Friday’s Wandering Thoughts

We made Christmas crock pot candy today. I’m employing the marital we. I put Christmas confection on them and found containers to house them until they’re bagged up. My wife did the actual work. She blames me in part for them. She said, “I have to make something to exchange with Lori. She’s going to make that biscotti that you like and bring it over. I need something to give to her.”

Yes, I have a bad habit of effusively thanking people for whatever baked goods they share with me. Folks take that to heart. Thereafter, I’m delivered biscotti, banana-nut bread, zuchinni loaves, peanut butter chocolate chip cookies, grape pie, fudge, and brownies. I know, it’s an American tragedy.

We’re also going to a Swedish smorgasboard, so something was needed as a hostess gift. My wife decided the Christmas crock pot candy would work because we gave them out before, and the husband and wife told my wife how much they liked it.

It’s all a vicious holiday circle, isn’t it?

Thursday’s Wandering Thoughts

Went grocery shopping yesterday. A light shop, a stop-gap function done because we were in Medford for a medical appointment, so let’s shop since we’re here. Combining tasks is the ‘Merican way.

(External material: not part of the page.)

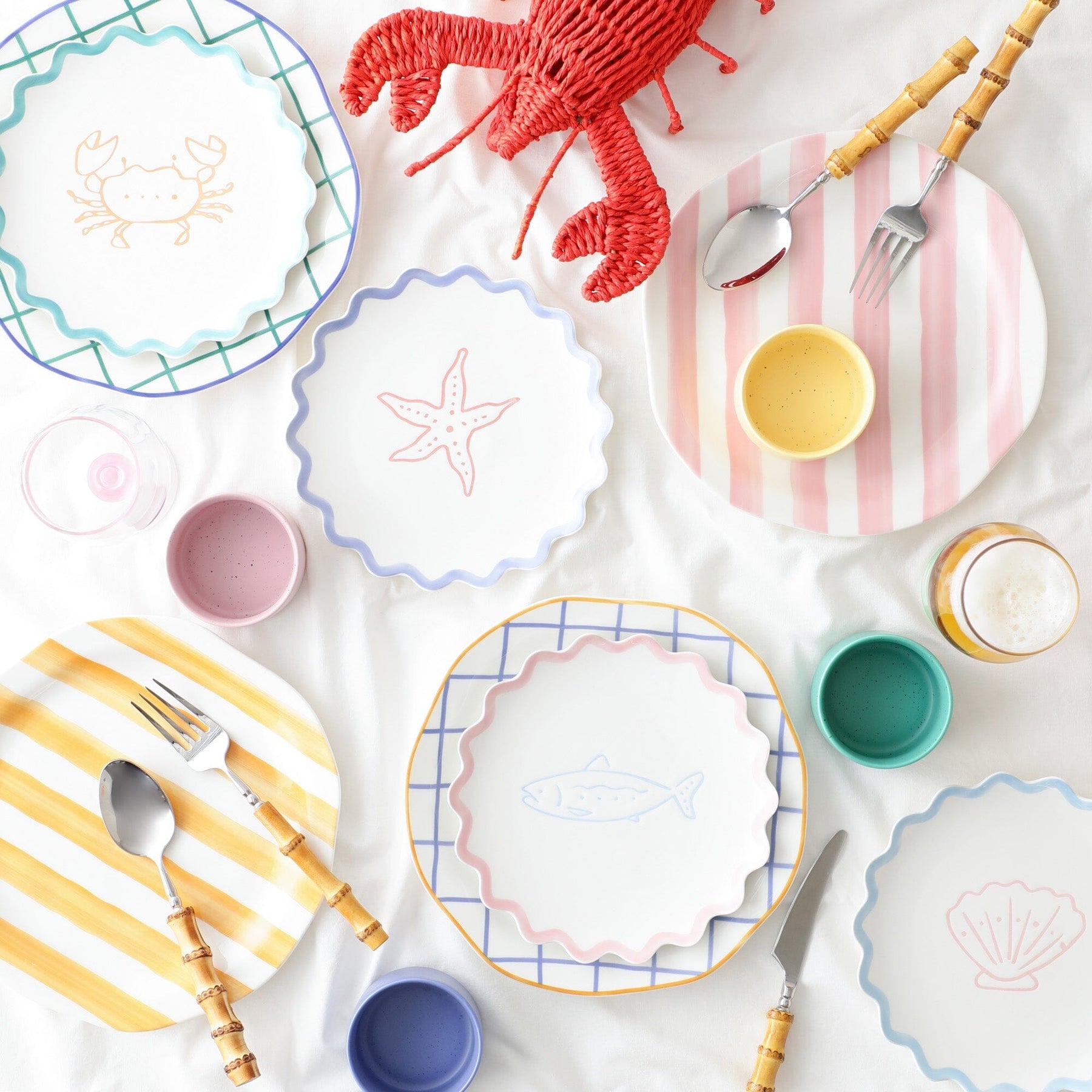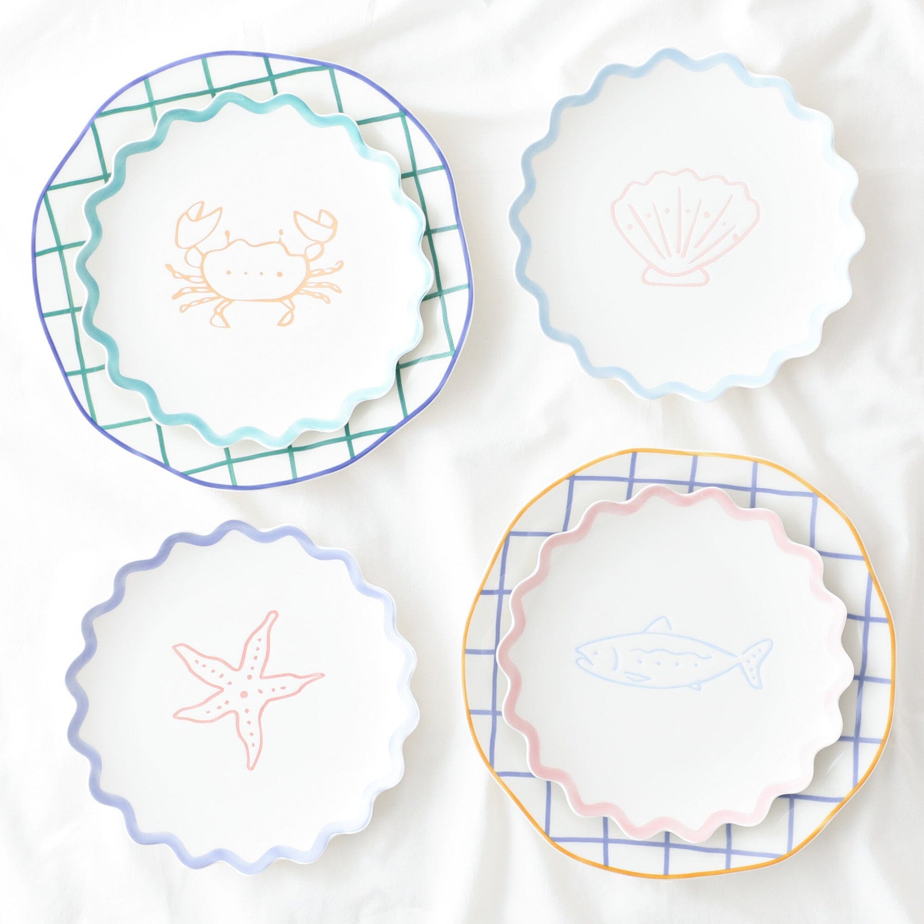 This is a medium-sized plate with a wavy design featuring illustrations of sea creatures.We recommend pairing it with the large plate or the splatter dip bowl from the same series.

Watching folks with their shopping carts in stores, I thought, we really need to codify some basic shopping cart etiquette. I mean, most of spend an impressive chunk of existence in the U.S. in stores, guiding a shopping cart. Some rules and expectations could be helpful. Like, “Do not block the aisle with your cart and body. Be mindful of other shoppers.” Yes, that’s a toughie for some: mobility issues, size of the aisle, and size of the individual all contribute to the difficulty levels. But at least make an effort, won’t you?

While we’re at it, could you pay attention when you’re wheeling your cart down an aisle? Nothing like being forced to stop and watch as some yo-yo pushes their cart blindl forward while looking behind them. I was going to say to treat your cart like you’re driving a car but numerous lobotomized drivers seem to be steering motorized vehicles these day.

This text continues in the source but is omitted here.